→ Material supplied
■ ■ ■ ■ ■

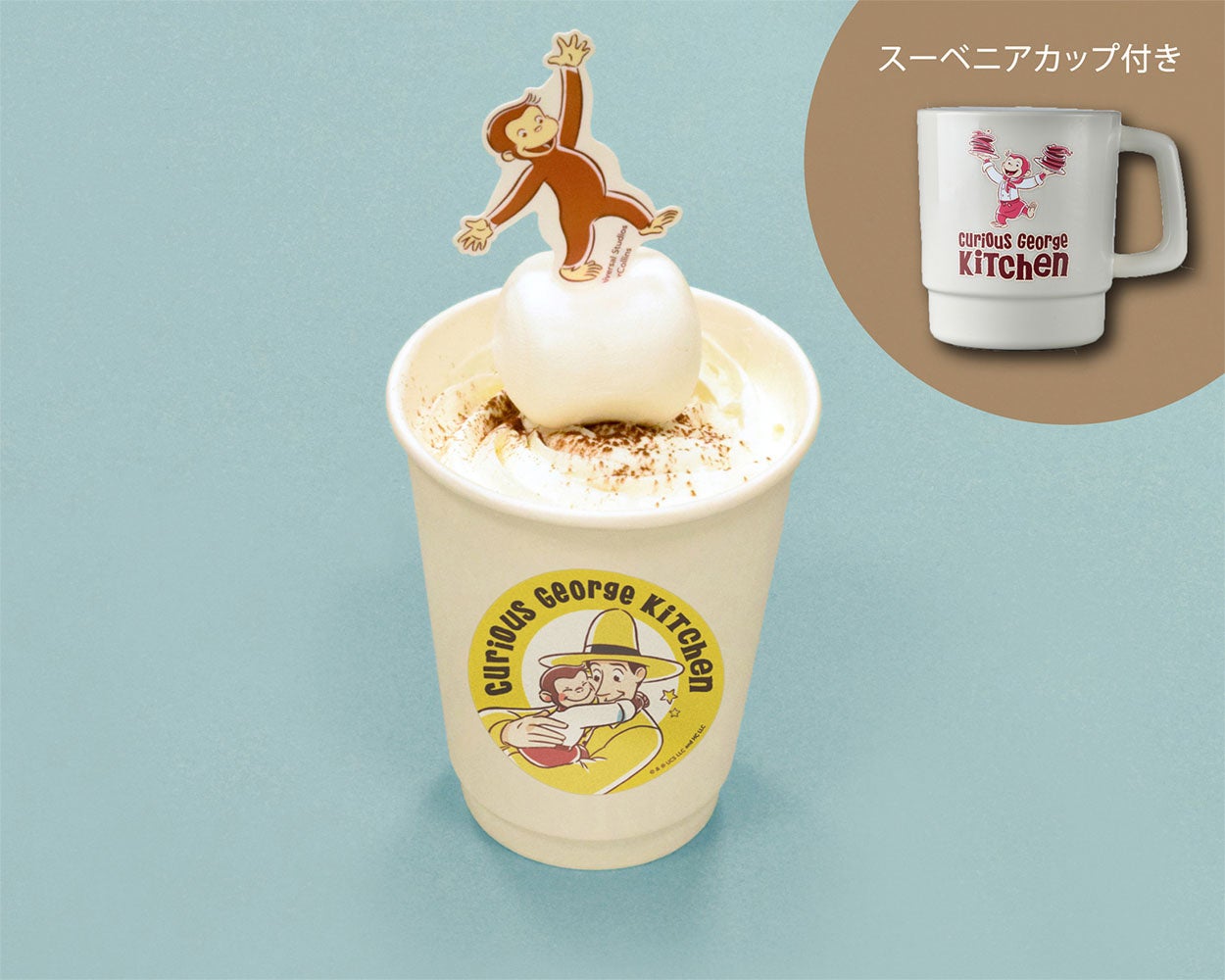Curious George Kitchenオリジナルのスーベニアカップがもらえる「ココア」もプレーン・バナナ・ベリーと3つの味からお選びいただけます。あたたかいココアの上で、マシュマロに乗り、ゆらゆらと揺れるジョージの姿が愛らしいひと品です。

■ ■ ■ ■ ■

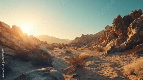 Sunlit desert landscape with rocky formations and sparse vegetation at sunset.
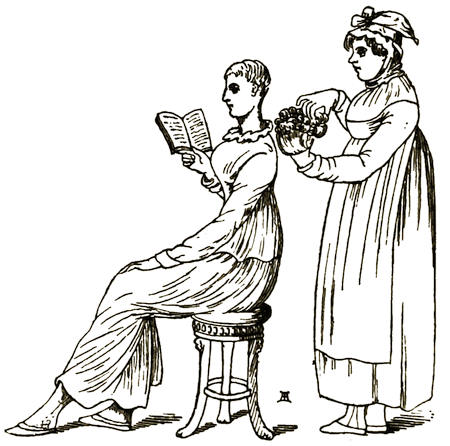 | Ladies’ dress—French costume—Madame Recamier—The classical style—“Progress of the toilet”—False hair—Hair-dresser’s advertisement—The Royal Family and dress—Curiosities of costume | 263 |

■ ■ ■ ■ ■

→ Work instruction
Using the entries above, transcribe every line from the line containing "Sunlit desert landscape" through the line containing "costume | 263 |". Do not copy pictures.

→ Exercise output
 Sunlit desert landscape with rocky formations and sparse vegetation at sunset.
 | Ladies’ dress—French costume—Madame Recamier—The classical style—“Progress of the toilet”—False hair—Hair-dresser’s advertisement—The Royal Family and dress—Curiosities of costume | 263 |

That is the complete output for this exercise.